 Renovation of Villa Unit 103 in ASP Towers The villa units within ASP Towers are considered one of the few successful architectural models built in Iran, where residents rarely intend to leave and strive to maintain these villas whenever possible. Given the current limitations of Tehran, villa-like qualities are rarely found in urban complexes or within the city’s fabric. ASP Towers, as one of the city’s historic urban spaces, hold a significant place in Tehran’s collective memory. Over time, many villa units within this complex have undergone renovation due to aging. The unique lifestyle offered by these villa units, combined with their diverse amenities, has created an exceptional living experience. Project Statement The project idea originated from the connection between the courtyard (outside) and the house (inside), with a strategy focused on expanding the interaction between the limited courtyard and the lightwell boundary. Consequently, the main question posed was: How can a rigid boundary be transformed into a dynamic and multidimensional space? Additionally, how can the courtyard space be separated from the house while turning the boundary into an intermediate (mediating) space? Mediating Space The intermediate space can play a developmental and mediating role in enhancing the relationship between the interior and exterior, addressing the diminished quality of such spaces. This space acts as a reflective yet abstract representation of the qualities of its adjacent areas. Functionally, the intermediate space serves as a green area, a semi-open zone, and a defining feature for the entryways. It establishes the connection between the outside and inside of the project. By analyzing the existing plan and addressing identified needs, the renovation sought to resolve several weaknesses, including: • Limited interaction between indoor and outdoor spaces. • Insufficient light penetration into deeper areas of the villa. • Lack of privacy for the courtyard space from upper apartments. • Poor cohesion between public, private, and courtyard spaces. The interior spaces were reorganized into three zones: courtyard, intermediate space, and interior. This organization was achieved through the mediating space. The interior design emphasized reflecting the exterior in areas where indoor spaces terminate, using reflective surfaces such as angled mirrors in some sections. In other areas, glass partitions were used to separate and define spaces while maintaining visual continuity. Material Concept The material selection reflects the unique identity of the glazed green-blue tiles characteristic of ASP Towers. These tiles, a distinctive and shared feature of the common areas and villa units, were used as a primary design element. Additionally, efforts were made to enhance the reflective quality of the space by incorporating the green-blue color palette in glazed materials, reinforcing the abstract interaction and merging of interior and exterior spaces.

* * *

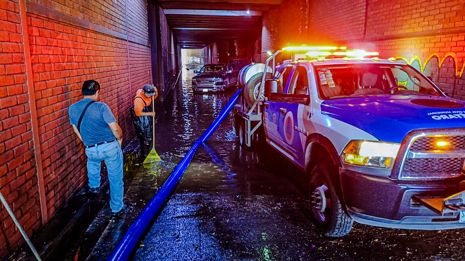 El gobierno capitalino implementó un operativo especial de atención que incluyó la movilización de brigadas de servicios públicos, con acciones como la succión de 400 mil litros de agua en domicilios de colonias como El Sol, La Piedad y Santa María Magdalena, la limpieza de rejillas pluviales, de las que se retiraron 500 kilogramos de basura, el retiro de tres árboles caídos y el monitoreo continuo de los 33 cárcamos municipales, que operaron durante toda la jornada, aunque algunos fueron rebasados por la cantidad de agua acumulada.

...

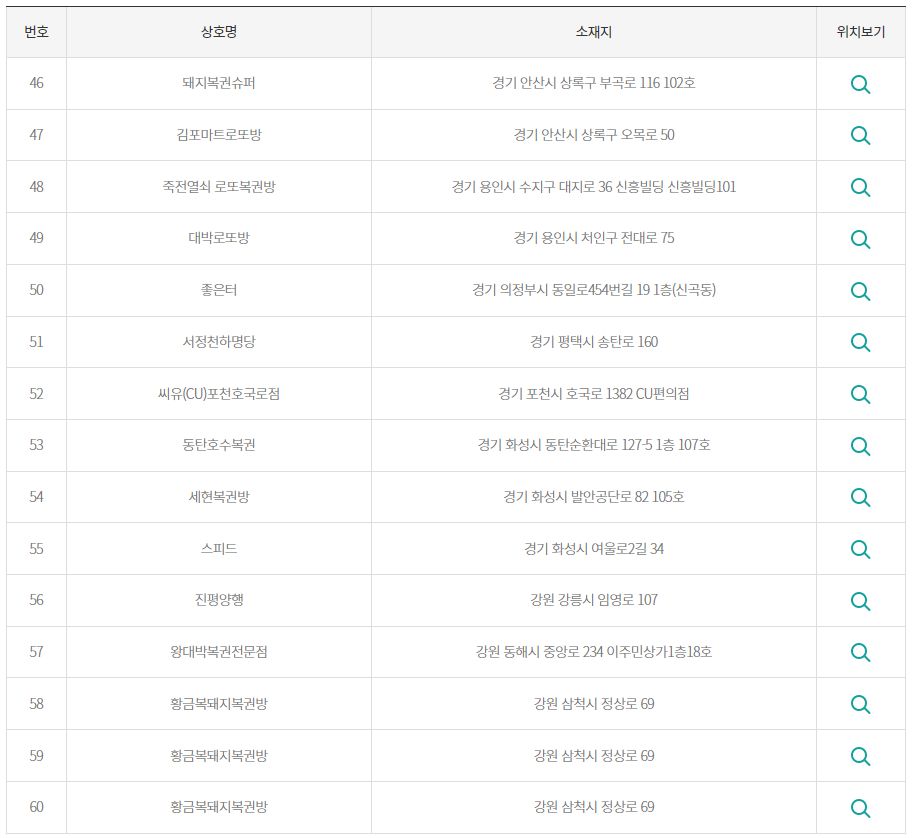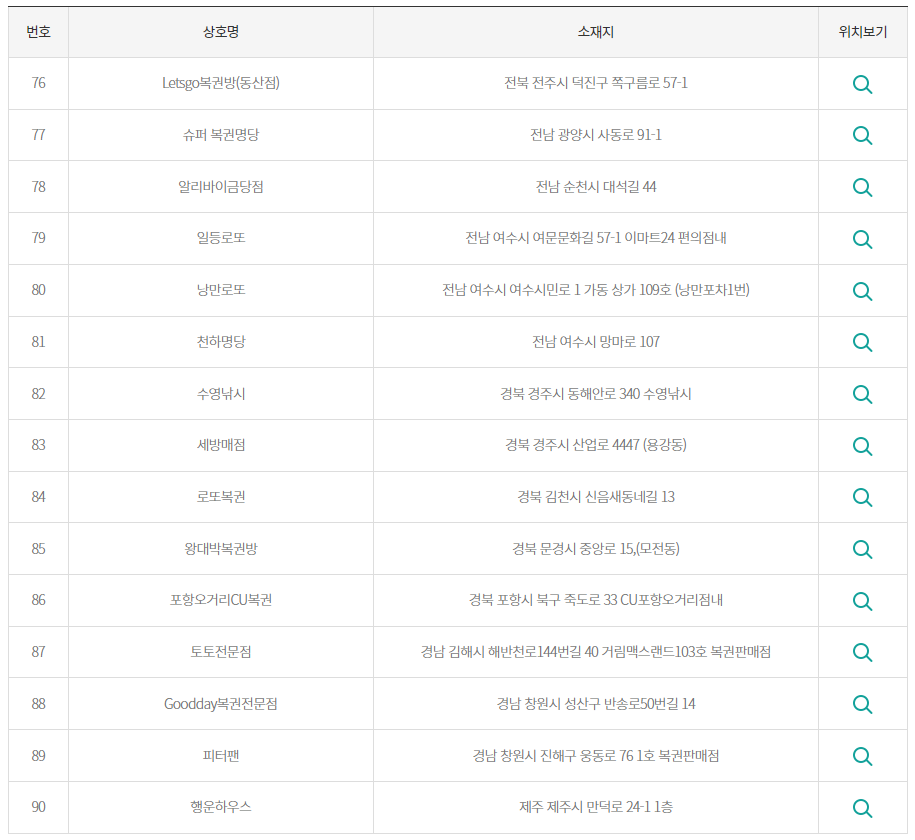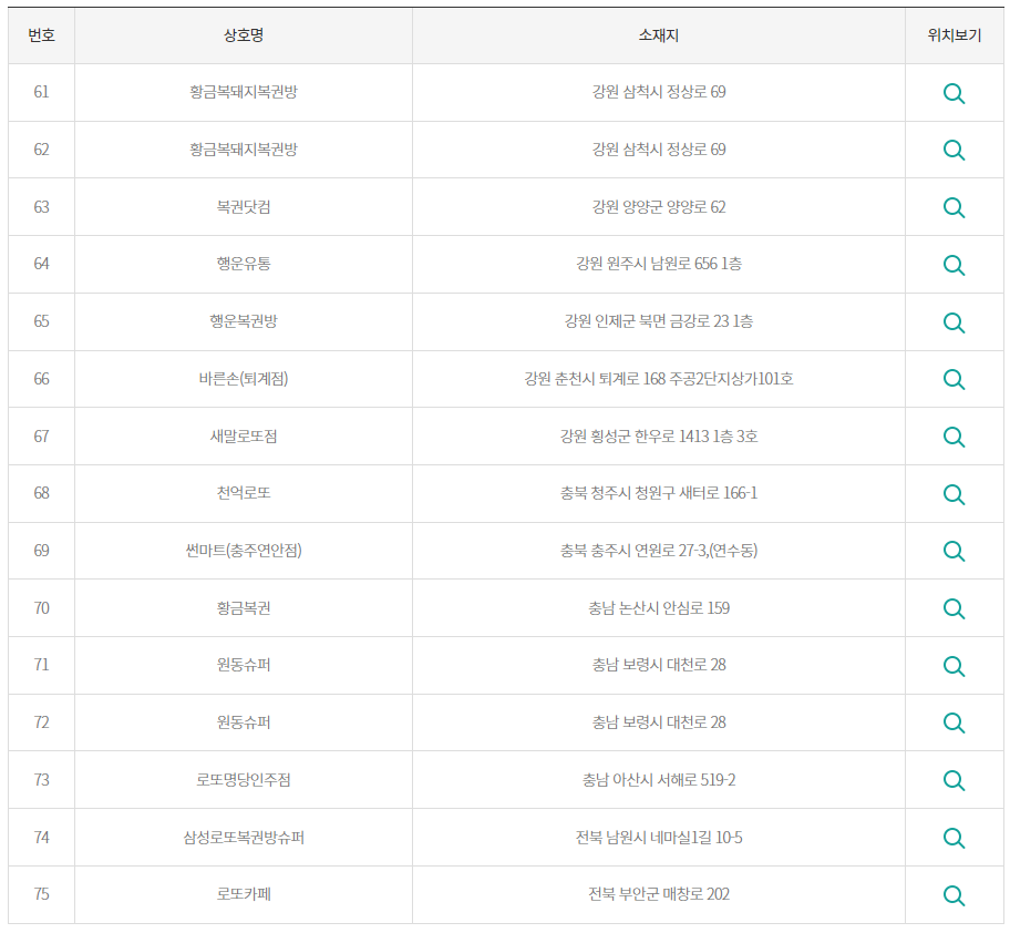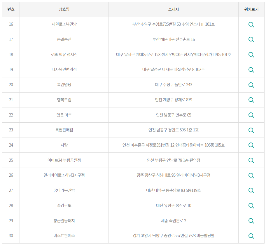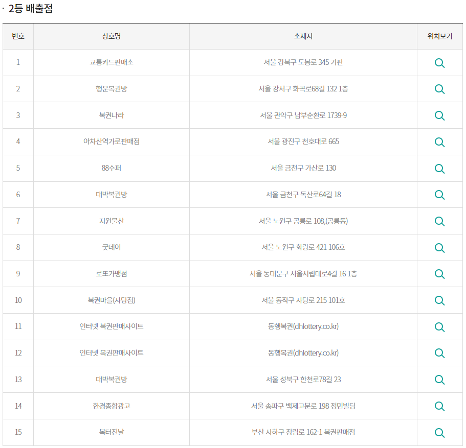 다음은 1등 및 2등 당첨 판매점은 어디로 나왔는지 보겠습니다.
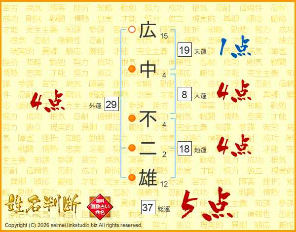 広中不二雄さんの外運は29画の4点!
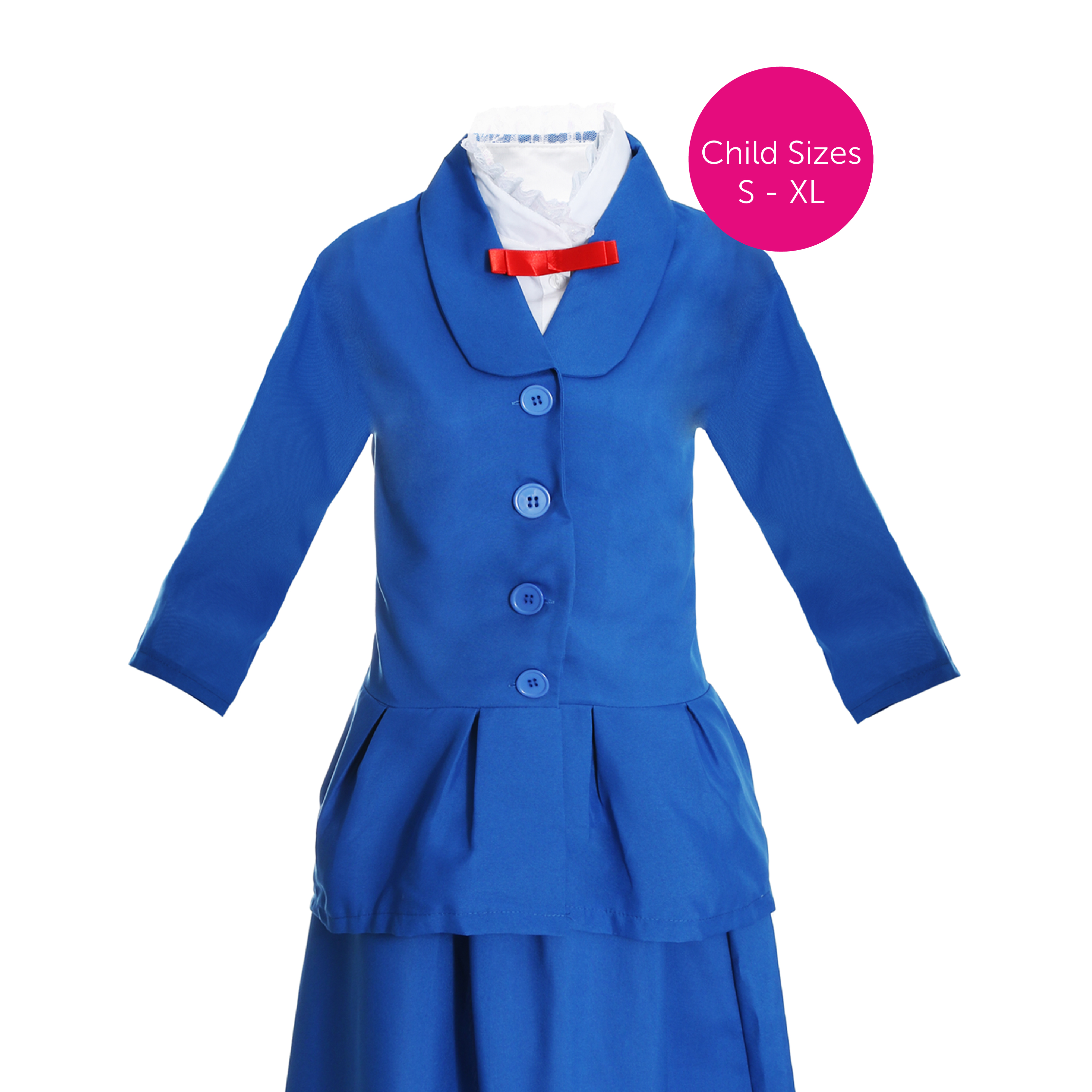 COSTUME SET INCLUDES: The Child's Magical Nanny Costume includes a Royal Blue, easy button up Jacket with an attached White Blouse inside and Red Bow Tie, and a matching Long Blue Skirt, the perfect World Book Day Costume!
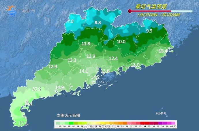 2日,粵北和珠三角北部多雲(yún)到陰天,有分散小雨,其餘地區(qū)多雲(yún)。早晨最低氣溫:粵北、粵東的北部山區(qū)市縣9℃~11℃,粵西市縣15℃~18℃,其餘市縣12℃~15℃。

## Assignment
After locating the line containing "다음은 1등 및 2등 당첨 판매점은 어디로 나왔는지 보겠습니다." in the entries above, return it and every line after it exactly, ending at the line containing "2日,粵北和珠三角北部多雲(yún)到陰", without pictures.

## Completed exercise
 다음은 1등 및 2등 당첨 판매점은 어디로 나왔는지 보겠습니다.
 広中不二雄さんの外運は29画の4点!
 COSTUME SET INCLUDES: The Child's Magical Nanny Costume includes a Royal Blue, easy button up Jacket with an attached White Blouse inside and Red Bow Tie, and a matching Long Blue Skirt, the perfect World Book Day Costume!
 2日,粵北和珠三角北部多雲(yún)到陰天,有分散小雨,其餘地區(qū)多雲(yún)。早晨最低氣溫:粵北、粵東的北部山區(qū)市縣9℃~11℃,粵西市縣15℃~18℃,其餘市縣12℃~15℃。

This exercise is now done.